On May 12, 2005, at 4:59 PM, Mike Kienenberger wrote:
> Erik Hatcher <eri..hatchersolutions.com> wrote:
>
>> Why does your task use filesets when the purpose is to compare dir1
>> and dir2? You could internally create a Fileset if that makes
>> walking a directory more convenient, but I'm not seeing what benefit
>> allowing <fileset> under this task provides.
>>
>
> I started off comparing existing generated classes with my newly-
> generated
> classes, and some of those classes couldn't be compared because
> they were
> "touched up" (cayenne license info was added to them). They needed
> to be
> excluded.
>
> I eventually decided it made more sense to generate my own baseline
> comparisions (if for no other reason than we don't have any good
> single-class baselines).
>
> I left it in because it adds a lot of flexiblity at almost no usage
> cost.

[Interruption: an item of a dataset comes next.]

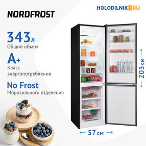 Двухкамерный холодильник с нижним расположением морозильной камеры Общие данные: Размеры: высота (см): 203 ширина (см): 57 глубина (см): 63 Общий объем/ Полезный объем: Холодильника (л): 343/312 Холодильной камеры (л): 238/237 Морозильной камеры (л): 105/75 Тип управления: механический Класс энергопотребления: A+ Климатический класс: N-ST (от +16°С до +38°С) Количество компрессоров: 1 Годовое потребление энергии: 313 кВтч Цвет: черный матовый Холодильное отделение: 5 полок из закаленного стекла 4 полки на дверце Автоматическая (капельная) система отттаивания LED-подсветка Температура: 0°С...+8°С Большой выдвижной ящик для овощей Морозильное отделение: Система No Frost (Frost Free, Ноу Фрост) Сохранение температуры при отключении до -9 С: 10 ч Мощность замораживания: 3.5 кг/сутки Температура: не выше -18°С 3 ящика Лоток для ягод Дополнительная информация: Перенавешиваемые двери Ручки: интегрированные горизонтальные Испаритель: запененный Ламинированная внутренняя поверхность холодильника с антибактериальным покрытием Уровень шума: 41 дБ Хладагент: R600a Вес: 67.5 кг 36 990,00 ₽ / шт

I
> suspect I'll make use of the task to do other things down the road.
> Ideally, I'd add in a default Fileset value of "**" to reduce the
> usage cost
> of the flexiblity to nil.
>
> So my self-justifying answer is that it's not a task for comparing
> directories. It's a task for comparing arbitrary filesets :)
However it doesn't actually compare <fileset>'s. It's comparing the
filenames found in the filesets, except using dir1 and dir2 as the
base directories. So the files in the filesets themselves may never
be compared - except that you're specifying the same directory for
your nested fileset as you use for one of the dir attributes.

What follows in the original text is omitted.